Love and affection
If people are in a close relationship, then naturally, attachment will naturally arise between them. Attachment, as a habit of intimacy and a desire for intimacy, is the natural basis of love.
Can there be one without the other? Yes, quite, and it is not uncommon. It can be both love without affection, and affection without love.
Here is the family. In her constant quarrels, claims, offenses and very sincere scenes of jealousy. Kostya’s husband sometimes drinks, and once his wife Lida and hits him. But they cannot live without each other, and if Kostya is delayed, Lida is frantically worried. And if, God forbid, something happens to Lida, Kostya, it seems, will not survive this … Divorce for them is excluded, because they are rooted in each other and, if it happened to divorce, they would have to be cut alive. “It’s hard with him, but I’m so attached to him!” – sobbing Lida. That’s right, it’s hard to talk about love here, but attachment is obvious.
But the family is different. Whenever we come to visit them, they are always comfortable and sunny: smiles, joy, warmth. Sasha and Tanya are surprisingly attentive to each other – and to the children, and the voice there rises only when they sing songs together with the children on family holidays. They really have family holidays on Saturdays, and they really sing! Idyll. But I also know that Sasha will always be as bright and calm, even if something happens to Tanya, to the children … And this is not a mask – this is his soul. He loves his wife and children, loves them beautifully and sincerely, but without affection. He loves the whole world like that.
Of course, we are talking about love with a capital letter, giving love, the content of which is unselfish and joyful care.
Love and affection are not the same thing, but in life love and affection are easily confused. To one person, we can have both at the same time. In addition, we are dependent on who we are attached to, and therefore, fearing to lose him, we are forced to take care of him. We behave almost like loving ones: we attentively listen to the needs of the beloved and give up in case of disagreements – we do everything so that we are not angry and do not move away from us. And then attachment turns out to be very similar to love, only in the voluntary-compulsory version. That is why they are so often confused: they talk about Love, meaning only Affection, and sing Affection, dreaming of Love.
How to distinguish one from the other? There is a simple criterion that distinguishes love from affection. This criterion is pain: the pain of losing the Beloved. And the fear that this could happen. And as a result – constant voltage. Attachment is different from love by pain, tension and fear. Love attachment easily turns into a sick attachment, or even dependence on an object of love. The main feature of affection is not joy and not concern, associated with the object of love, but love suffering, which a person suffers when, and when she revels with lust.

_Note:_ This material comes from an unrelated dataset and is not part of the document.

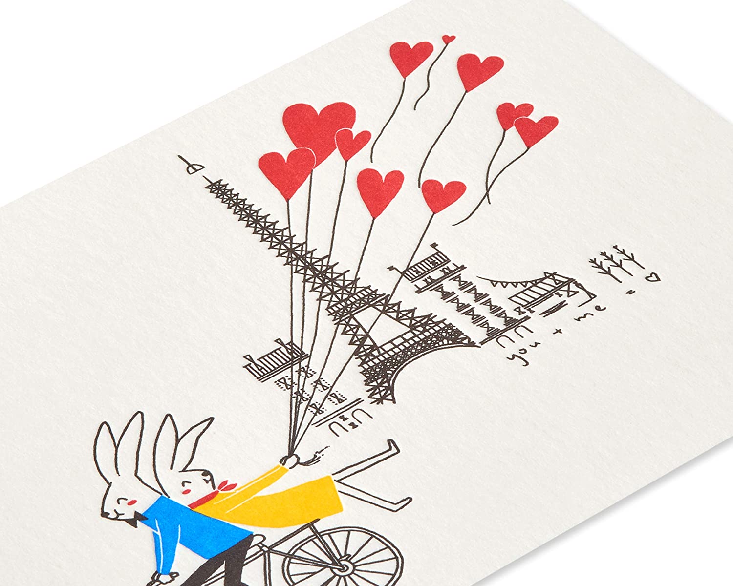 When two people find the perfect some bunny to love, it's always something to celebrate. Wish them a happy anniversary with this card from Papyrus. It features two bunnies riding a bike through Paris with a bouquet of balloons, and the Eifel Tower in the background. It's cute, it's sophisticated, it's a love meant-to-be. Whether you're celebrating a couple you know, or a love of your own, say oui to this letterpress card and viva l'amor! Red envelope and gold seal are included.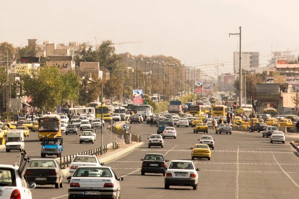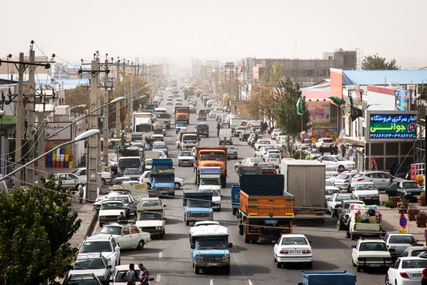 Einfahrt nach Täbris – Hauptstadt der Region Ost-Aserbaidschan: Stress pur. Während der Fahrt bleibt weder Zeit fürs Navi, noch für Kommunikation. Kurze Iran-Auto-Farbenlehre: Weiß = Privater PKW, Gelb = Taxi, Bunt = LKW

However, attachment is not always bad. Smart people themselves are attached with pleasure to the fact that they will be supported in life, as well as to those people who are happy or useful to communicate with. At the same time, being tied, they prefer not rigid, but conditional affection, arranged as a carbine among climbers: when necessary, we are reliably tied. If we stop and it is better to be free, the carbine snaps off and we are free. The more a person lives at the level of a human-organism, the more often and easier he (she) becomes attached thoughtlessly, often to very strange and heavy people, and cannot get rid of these attachments. A human person with a developed mind and will allows only those attachments in his life that are useful, and the attachments that are no longer needed are terminated.
Attachments are good, as long as you need each other and your attachments are not sick, soft, rather playful. If in a relationship your partner has a tough, sick attachment to you, then this is a dangerous situation. How to prevent such relationships and how to behave when not the most appropriate people become attached to you, see Prevention of sick attachments.
Returning to the fear of losing a loved one – why is it bad? Living with fear is always bad. Fearing to be alone, the girls agree to relationships with people with whom you should not get involved. Fearing to lose a loved one so that a man does not leave, women allow him disrespect for her, rudeness and alcoholism. Fear cuts off brains, makes a person short-sighted, pushes decisions on the surface, and prevents thinking about long-lasting consequences: fear is not up to them … Relationships for women who are not afraid to be alone, who calmly and confidently speak, are wiser and stronger. men, those moments that are important to her, monitor the format and do not allow a man that is unacceptable. Will such a woman love, will she cherish her beloved? If her man is a decent and decent man, he is a loving husband and a caring father, and it’s difficult to find another one – a sensible woman will take care of him as the most precious jewel.